Is there anything users can do to help move Apple Silicon support from Tier 3 to Tier 1?

I have found an Alternative for testing M1 ( for the package developers )

Scaleway: Apple silicon M1 as-a-Service. Cloud Mac | Scaleway

• minimum 1day cost = 2.4 EUR ( 8GB RAM, M1 )
  • Availability Zone = PARIS; ( EU )
  • macOS Monterey 12
  • €0.10/hour “As required by Apple License, you must keep this instance for at least 24 hours. You will be able to delete it only after 24 hours.”

For ad-hoc testing ( 1-2 days/month ) it is perfect for me.

it is also perfect for benchmarking special Julia code on AppleSilicon ( before investing in the hardware )

Doesn’t Apple have it’s own linear algebra libraries?

They do, but it does not seem to be a trivial job to get it to work. See

https://github.com/JuliaLang/julia/issues/42312

FYI:

Some good news is that Apple hardware is now Tier 2.

Doesn’t that predate M1’s? Googling around gives threads stating that Numpy supports Accelerate again now and it does give a performance boost to build against it.

Can you post some links?

I just Google’d “ numpy accelerate m1”. A bunch of threads pop up on Reddit and Stackoverflow going back to November about building Numpy successfully against Accelerate/vecLib. (Note, the ones I skimmed were about NumPy though, so perhaps it still won’t work for SciPy.) Here is one example: https://www.reddit.com/r/Python/comments/qog8x3/if_you_are_using_apples_m1_macs_compiling_numpy/

What about using something like GitHub - JuliaLinearAlgebra/Octavian.jl: Multi-threaded BLAS-like library that provides pure Julia matrix multiplication for BLAS on m1 macs? Has anyone tried it?

We should be able to switch to calling Accelerate through libblastrampoline. A little bit of work needs to be done on building LAPACK in Yggdrasil, appropriately patched for ILP64 and all that.

The main reason is that Accelerate uses an ancient LAPACK, and we use functions from recent versions - so when we use LBT to switch to using BLAS from Accelerate, we don’t want to use its LAPACK, and instead provide our own.

One downside is that OpenBLAS does patch LAPACK to provide multi-threaded versions of common LAPACK functions, that one would lose in the configuration I describe above.

Eventually, we hope to have native Julia solutions like Octavian for clean, high performance multi-threaded linear algebra kernels.

This question may be above your ( and anyone else’s who does not work for Apple ) paygrade.
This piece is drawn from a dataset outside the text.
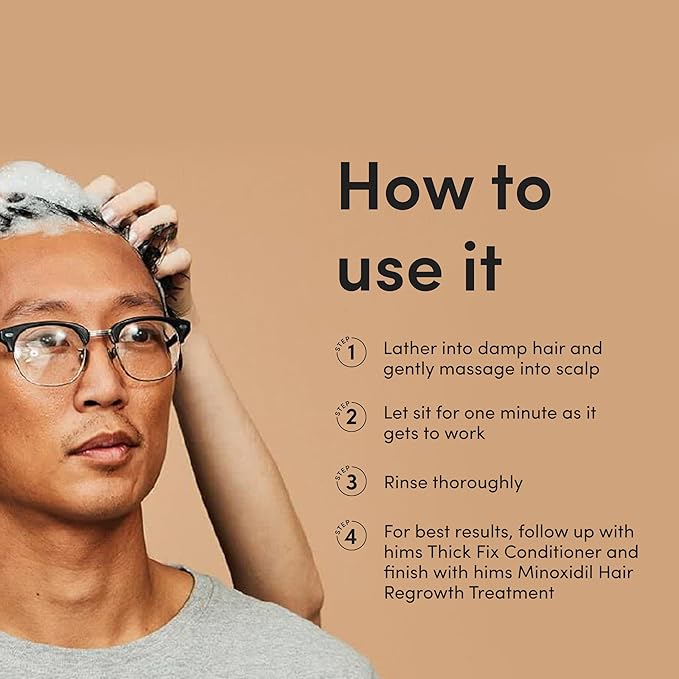 - For Fuller-Looking Hair: hims Thick Fix Shampoo is packed with saw palmetto to cleanse away excess sebum, helping new hair follicles grow strong

I looked at the very limited documentation for Accelerate and saw no evidence that it supports Float16. Have you seen any such support? The reading I’ve done seems to say that Apple has not done anything to update Accelerate in many years.

The line in your post ``A little bit of work needs to be done’’ sounds encouraging for Float64 and Float32 work anyhow.
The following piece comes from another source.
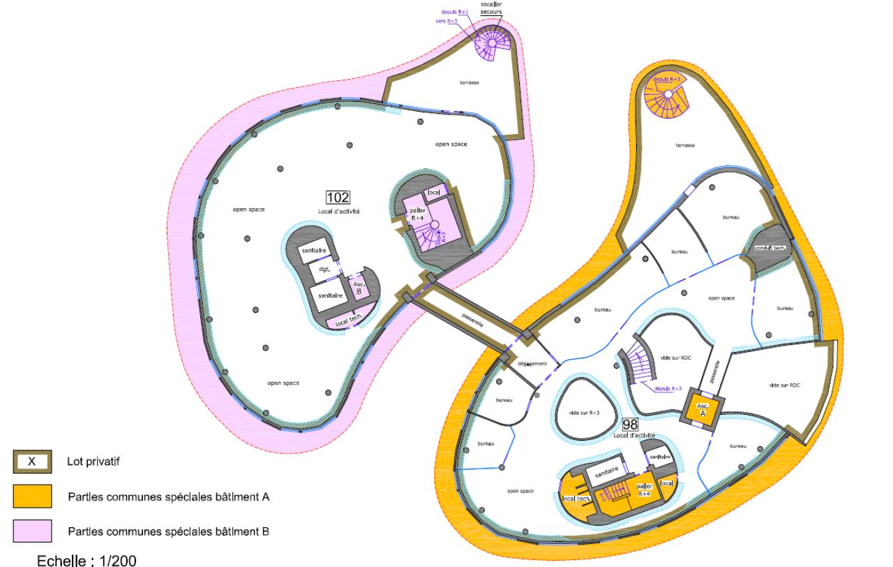 Bâtiment 1A : 1 791,5 m² incluant 98 m² de terrasse, sur 4 niveaux, construit en 2014. Un jardin de 938 m²

I’ve done a little bit of Float64/32 testing (lu …) on an M1 Macbook of OpenBLAS vs @Elrod’s ApppleAcclerate.jl package. It seems to be as fast as or faster than threaded OpenBLAS without explicit threading. Of course, nobody outside of Apple knows what Accelerate really does, so it may use threads (or not).

For gemm it looks that cpu (and gpu) cores are not used at all (see the perf monitor) and the cpu temperature stays super low (<50 degC without fan). The so-called AMX co-processor The Secret Apple M1 Coprocessor. Developer Dougall Johnson has through… | by Erik Engheim | The Startup | Medium is supposed to be in use…

One may try to saturate the use of the tensor unit with a constant AI load while evaluating Accelerate gemm to see if AMX is related to tensor unit.

I just registered LAPACK_jll with LAPACK 3.10 and the right 64_ suffixes for 64-bit systems. So, the path to making Accelerate as easy to use as MKL.jl is, is to have LBT point to it for BLAS and to LAPACK_jll for LAPACK.

We should do this in either AppleAccelerate.jl perhaps and revive it.